PARACHUTE – Dani Gonzales, a 15-year-old sophomore at Grand Valley High School, believes all girls should feel like princesses.”It’s really hard to feel like a princess when you’re in the hospital and going through a horrible disease,” Gonzales said. “I know.”Gonzales, who has colitis, won the Local Hero award and an all-expenses-paid trip to New York from the Crohn’s and Colitis Foundation of America for developing the Princess Club.She went with her mother and older brother to the Big Apple on Nov. 18. They saw the sights, and Gonzales brought an audience of donors to tears with a speech about her experience.Gonzales, this year’s Miss Garfield County, has worn her crown and sash into a hospital twice to present young women with a crown and sash of their own. The purpose of Gonzales’ Princess Club, she said, is to help other girls with chronic illnesses regain their self-confidence.”After I was diagnosed, my self-esteem was so gone, I hated leaving the house,” Gonzales said. “One day I decided I would have to step it up and do new things.”Gonzales explained her disease as she sat comfortably on the couch in her Battlement Mesa home, wearing athletic shorts and a Crohn’s and Colitis Foundation of America T-shirt with the sleeves rolled up on her shoulders. She’d just gotten home from cheerleading practice.Her mother, grandmother and best friend listened from the kitchen table as Gonzales explained that she was diagnosed with colitis almost exactly two years ago. Her mother, Mary Moore, who is also a Post Independent columnist, said remission has just brought Gonzales some relief within the last month and a half. Colitis is a genetic auto-immune disorder for which there is no cure.
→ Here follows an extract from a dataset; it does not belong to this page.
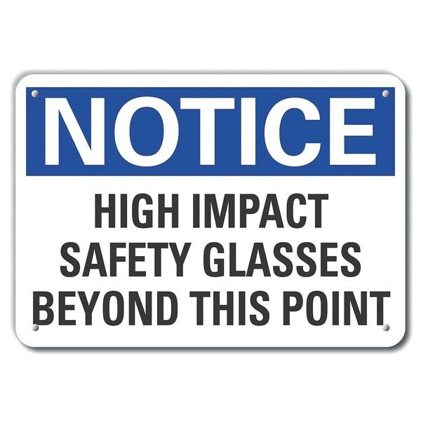 Plastic Eye Notice Sign, Horizontal Rectangle, Number of Printed Sides 1, English, Sign Format ANSI/OSHA Format, Sign Legend High Impact Safety Glasses Beyond This Point, Sign Legend Background Color White, Sign Legend Style Text
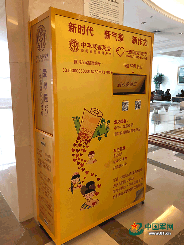 在華北賓館駐地一樓大廳,還設置了臨時郵局,滿足委員們的用郵需求。另外,現場的兩個“一張紙獻愛心行動”愛心屋,既方便了廢紙的回收利用,還傳遞了“節儉生活,快樂慈善”的理念,真心點贊!

The disease attacks the digestive system. Symptoms can include persistent diarrhea, abdominal pain or cramps, rectal bleeding, fever and weight loss.
“It’s an embarrassing disease,” Gonzales said. “Anyone who has it will tell you that. When people at school ask me about it, I tell them that my colon is basically attacking itself.”Gonzales said the disease has been with her all her life, as it is with everyone who has it, but she didn’t discover it until there was a major flare-up when she was in eighth grade.It was the week before she planned to go snowboarding with her brother at Sunlight Mountain Resort. The doctors first suggested she could have an eating disorder. When they finally diagnosed Gonzales with colitis, she didn’t have much blood left in her system.”It was a really close call,” Gonzales said. “We were going to go to Denver that weekend with my grandma, and they said I had so little blood that going over the passes I would have bottomed out.”After diagnosis, Gonzales was transported to Denver where she spent a week in the hospital.”I was really scared,” Gonzales said. “It was the first time I’d ever been in the hospital. But it was probably really good being in the hospital because my mom got to sleep for a night. Before, she was so worried I would bottom out in my sleep, that she’d stay up.”When she could, Gonzales returned to school. But things weren’t the same. Doctors told her she would have to stop running track and she would have to stop playing hockey.”That was really hard,” Gonzales said. “My family is a real hockey family. We all love it, and I was supposed to start playing for (a team) in Glenwood.”For a while Gonzales didn’t do much. She was an athlete and a self-proclaimed tom boy. The disease got in her way. Then her sister, Charlene Mead, urged her to participate in the Miss Garfield County pageant.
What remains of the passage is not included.